The integrating factor we will look at on this page applies to first-order, linear differential equations of the form $$\displaystyle{ \frac{dy}{dt} + p(t)y = g(t) }$$.
The idea of the technique of integrating factors is deceptively simple, yet quite powerful. When you have a first-order, linear differential equation of the form
$$\displaystyle{ \frac{dy}{dt} + p(t)y = g(t) }$$
and you multiply this equation by the generated integrating factor
$$\mu(t) = \exp \int{ p(t)~dt }$$

This converts the differential equation into the form
$$\displaystyle{ \frac{d}{dt}[ \mu(t)y] = \mu(t)g(t) }$$

You can then integrate to get $$\displaystyle{ \mu(t)y }$$ and divide by $$\mu(t)$$ to solve for $$y$$.
(Note: We will not go through the derivation of the integrating factor here at this time. However, going through the derivation in your textbook will really help you understand what is going on here.)
Okay, let's watch some videos, so we can see how this works.
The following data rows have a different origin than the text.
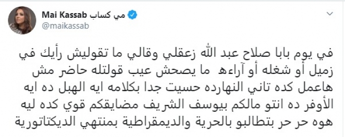 وغردت "مي"، عبر حسابها بـ"تويتر"، قائلة: "في يوم بابا صلاح عبدالله زعقلي وقالي ما تقوليش رأيك في زميل أو شغله أو آراءه ما يصحش عيب قولتله حاضر مش هاعمل كده تاني".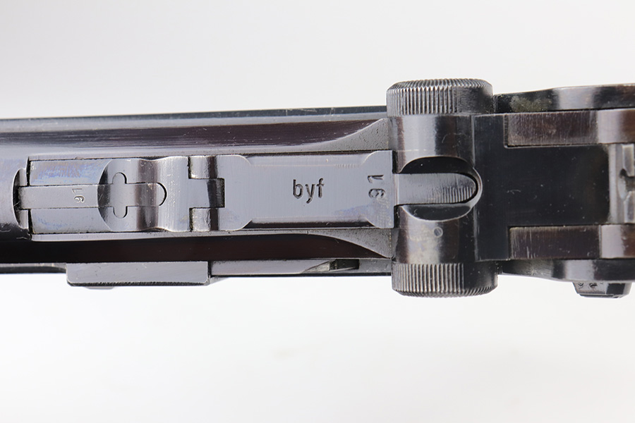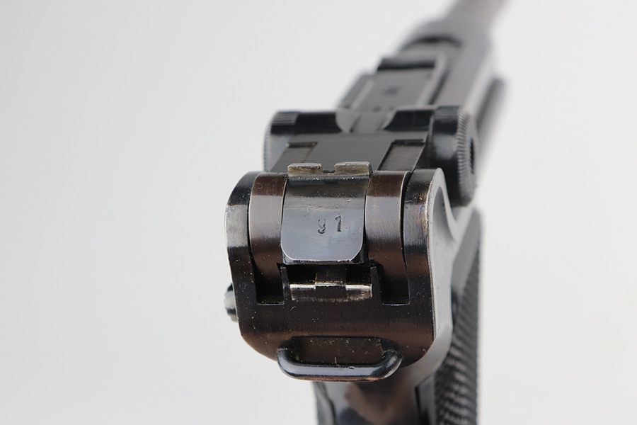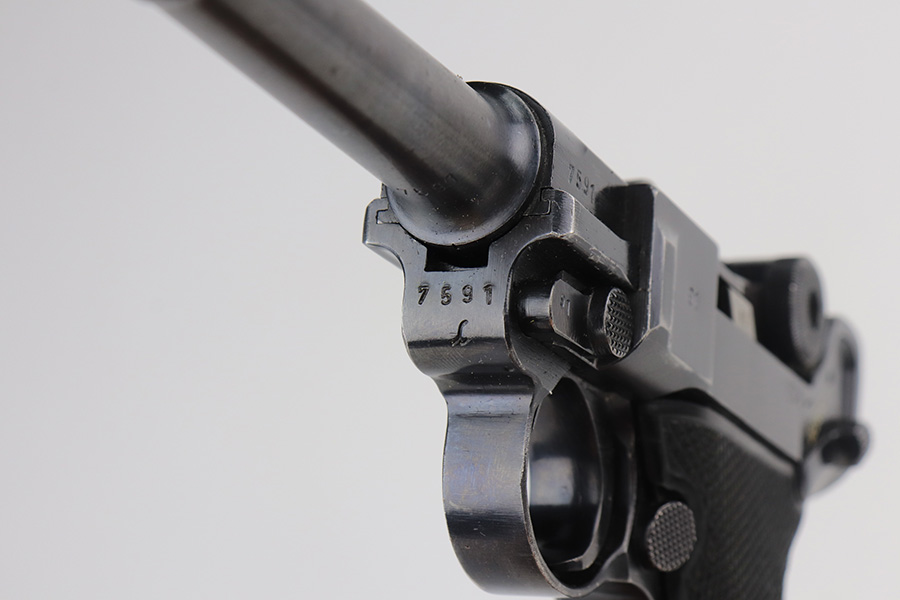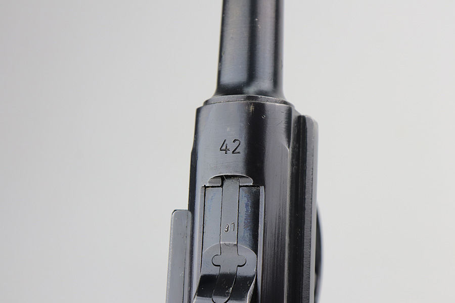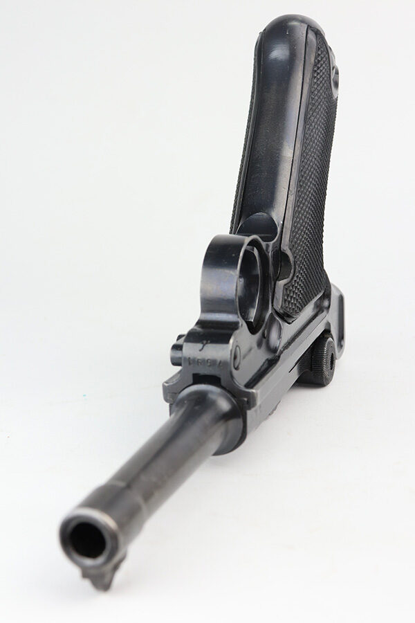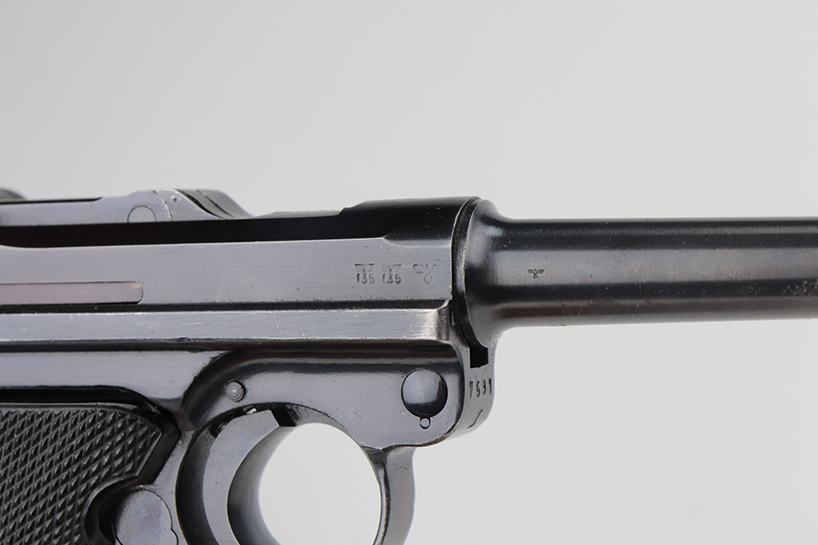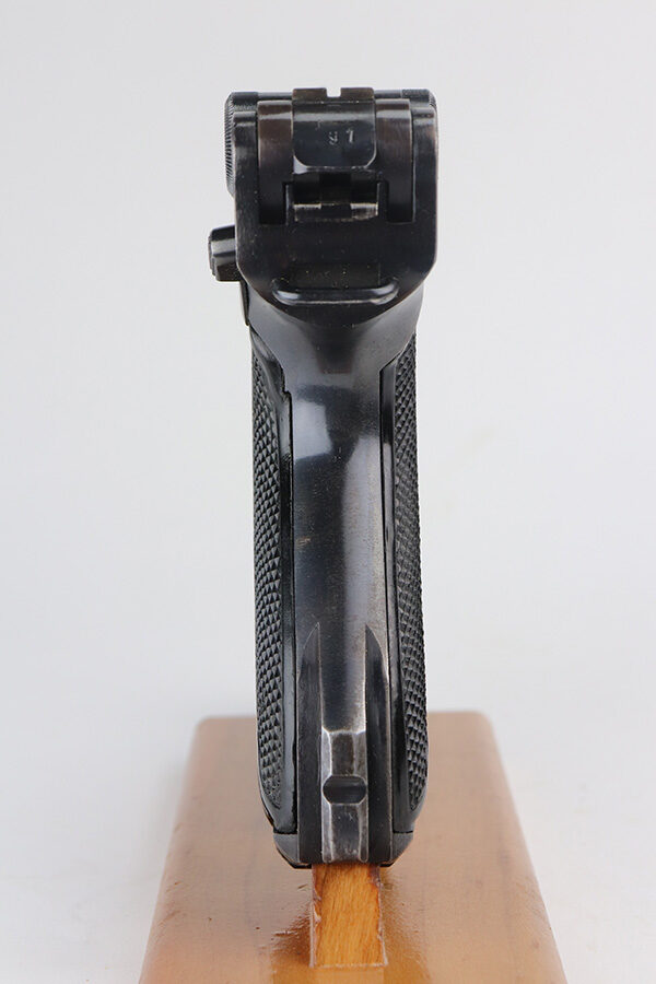 6/11/21 – This is an excellent example of a Black Widow Mauser Luger issued to the Nazi military in 1942. It is all matching and has the proper “Eagle 135” military proofs. It has retained about 95-96% of its original finish. There are areas of minor wear on the side plate, side rails, and around the muzzle. Some very tiny dings on the underside of the barrel. Very minor thinning on the straps. Comes with excellent original black widow grips and a proper black widow magazine. Mint bore.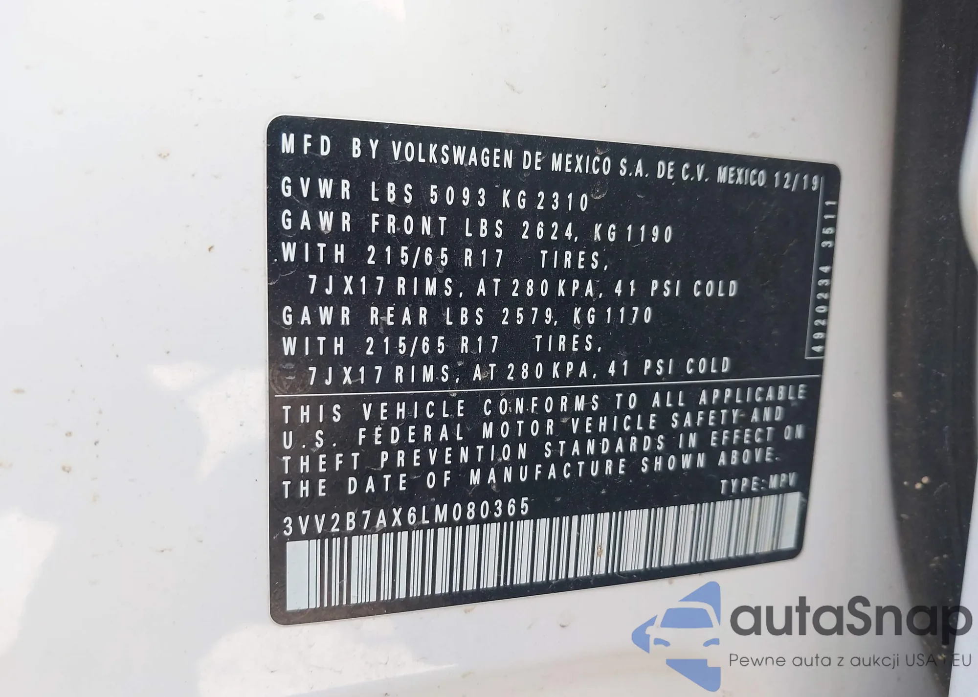 • VIN 3VV2B7AX6LM080365

Here is a good introduction to integrating factors that is not too long.

MIT OCW - integrating factors introduction [27mins-8secs]

video by MIT OCW

Here are a couple of complete examples using integrating factors to solve first-order, linear differential equations. In the first video, he works an example and explains integrating factors. In the second video, he expands on his discussion, giving more detail, while working a second example. In both videos, he explains how the product rule from calculus relates to this technique.

Dr Chris Tisdell - integrating factors (1) [8mins-18secs]

video by Dr Chris Tisdell

Dr Chris Tisdell - integrating factors (2) [11mins-34secs]

video by Dr Chris Tisdell

Okay, time for some practice problems.

Practice

Unless otherwise instructed, find the general solutions to these differential equations using the method of integrating factors. If initial condition(s) are given, find the particular solution also. Give your answers in exact form.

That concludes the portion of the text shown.